DATASET CONTENT Start Marker

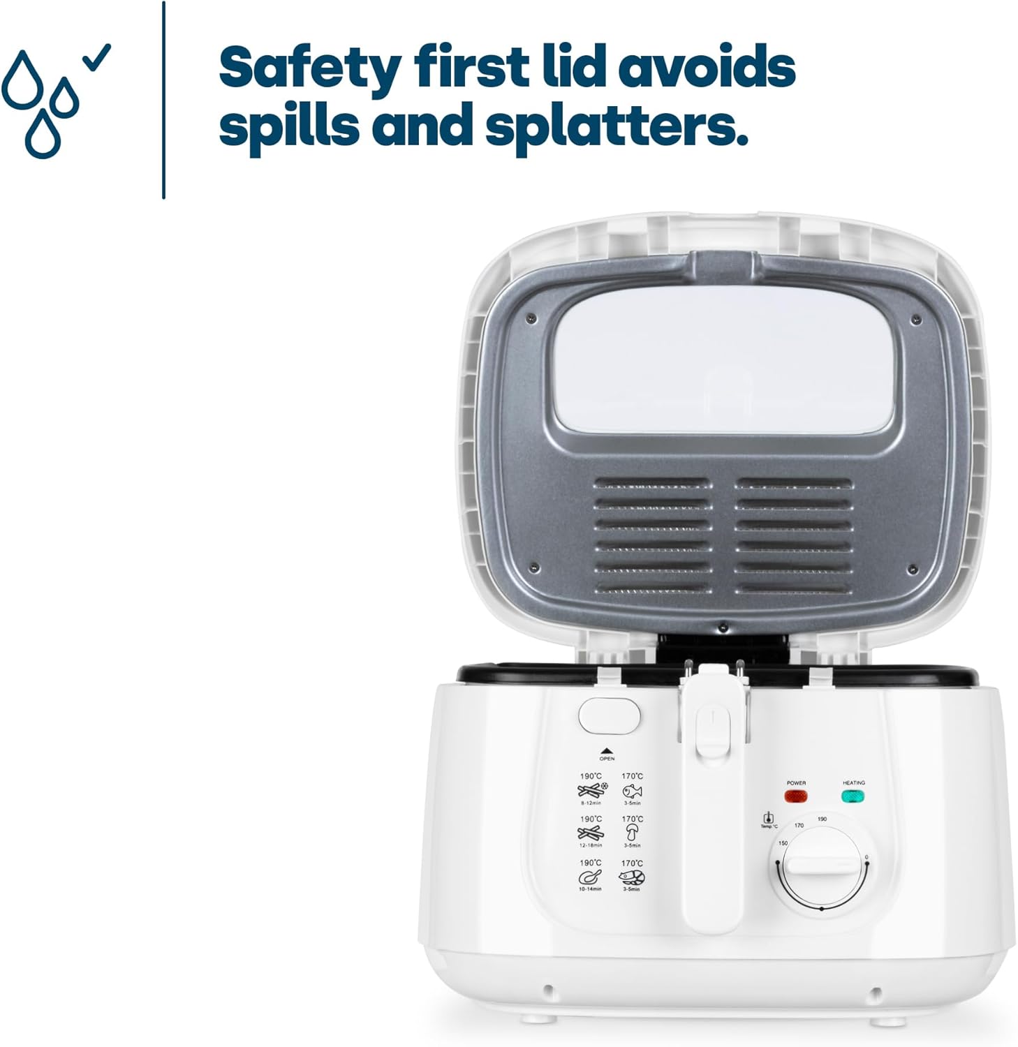 Safer than traditional hob frying with enclosed lid design
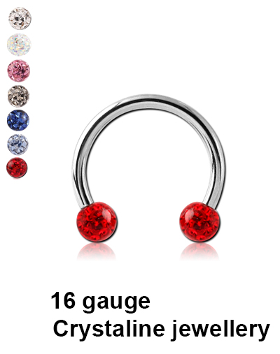 These 16g Crystaline circular barbells have a light epoxy coating to help prevent the individual stones from dislodging or falling out. They are not meant to be autoclaved.
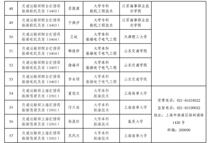 根據事業單位公開招聘工作有關規定,現將交通運輸部所屬事業單位2026年度第一批統一公開招聘部分單位擬聘用人員予以公示。公示期間,如有問題,請向用人單位反映,或直接通過中央和國家機關所屬事業單位公開招聘服務平臺反映。

DATASET CONTENT End Marker

### WHAT IS EXPECTED
Please copy out the whole listing exactly, minus its pictures.

### TASK OUTPUT
 Safer than traditional hob frying with enclosed lid design
 These 16g Crystaline circular barbells have a light epoxy coating to help prevent the individual stones from dislodging or falling out. They are not meant to be autoclaved.
 根據事業單位公開招聘工作有關規定,現將交通運輸部所屬事業單位2026年度第一批統一公開招聘部分單位擬聘用人員予以公示。公示期間,如有問題,請向用人單位反映,或直接通過中央和國家機關所屬事業單位公開招聘服務平臺反映。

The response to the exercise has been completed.